Nils Durner's Blog Ahas, Breadcrumbs, Coding Epiphanies

Pharia-1-LLM: A Closer Look at Aleph Alpha's Latest Release

Aleph Alpha recently announced the launch of Pharia-1-LLM, a new language model series with two 7B foundation models. After reviewing the available materials, including the Model Card, I’ve been able to answer some questions about this release in online discussions. Here’s a breakdown of key points and considerations:

Model Characteristics and Training

Pharia-1-LLM includes two variants: Pharia-1-LLM-7B-control and Pharia-1-LLM-7B-control-aligned. These models are trained on 7 languages and optimized for English, German, French, and Spanish. Aleph Alpha claims they’re comparable to other open-source models in the 7-8B parameter range.

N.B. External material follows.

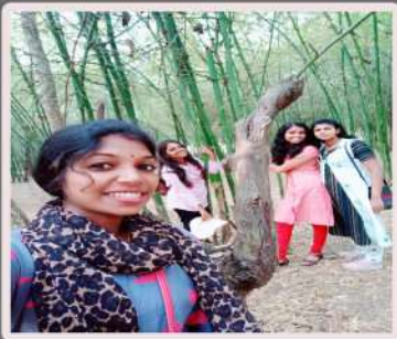
Bamboo Forest, Nisargadhama

In lieu of recent debate about training on synthetic data, an interesting aspect of the training process is that they used synthetic data as well. According to Aleph Alpha’s blog post, synthetic data was utilized more extensively for the “aligned” model compared to the “control” model.

License and Availability

While Aleph Alpha has made both the models and the training code available, it’s important to note that this is not a fully open-source release in the traditional sense. The permitted use of the released weights and infrastructure explicitly excludes commercial applications. This limitation sets Pharia-1-LLM apart from some other model releases in the field.

Additionally, the model weights are not released in the SafeTensors format, which has become somewhat of a standard. This choice may impact the ease of use and integration for some researchers and developers.

The Broader Pharia AI Ecosystem

Alongside Pharia-1-LLM, Aleph Alpha has introduced PhariaAI, described as an end-to-end AI solution for enterprises and governments. It’s not yet clear how this new offering relates to or potentially replaces existing tools like the Playground at app.aleph-alpha.com.

Updates

[Update 28-08-2024]:

The release of Pharia-1-LLM has sparked discussions within the AI community, particularly in Germany. Some have expressed concerns about the model’s accessibility and ease of use. This post highlights challenges in installing and running the model.

Key points of criticism include:

  1. Difficulty in installation and setup compared to other open-source models
  2. Use of a proprietary technology stack instead of widely adopted formats
  3. Restrictive licensing that excludes commercial use
  4. Limited context window (8k) compared to some competing models

But experiences vary.

[01-09-2024]:

The discussion around Aleph Alpha’s Pharia-1-LLM release continues, particularly regarding its licensing. In response to Dr. Daryoush Daniel Vaziri’s post comparing AI model licenses, I shared some additional thoughts:

Releasing an implemented special approach under some kind of ‘Open’ license does not yet demonstrate openness and transparency - values that the release apparently intended to convey. In earlier times, such cases were more likely to be referred to as ‘Shared Source’. That’s exactly what I’ve taken away: my numerous inquiries here and on X have remained unanswered, so the company doesn’t seem ready for a dialogue with the public. The release has been called a ‘marketing stunt’ elsewhere, and that seems plausible to me.

What remains: the assessment that this is unlikely to give rise to a lively community like the one around Llama, where some real developments are being produced. And where personal investments can thus also bear fruit.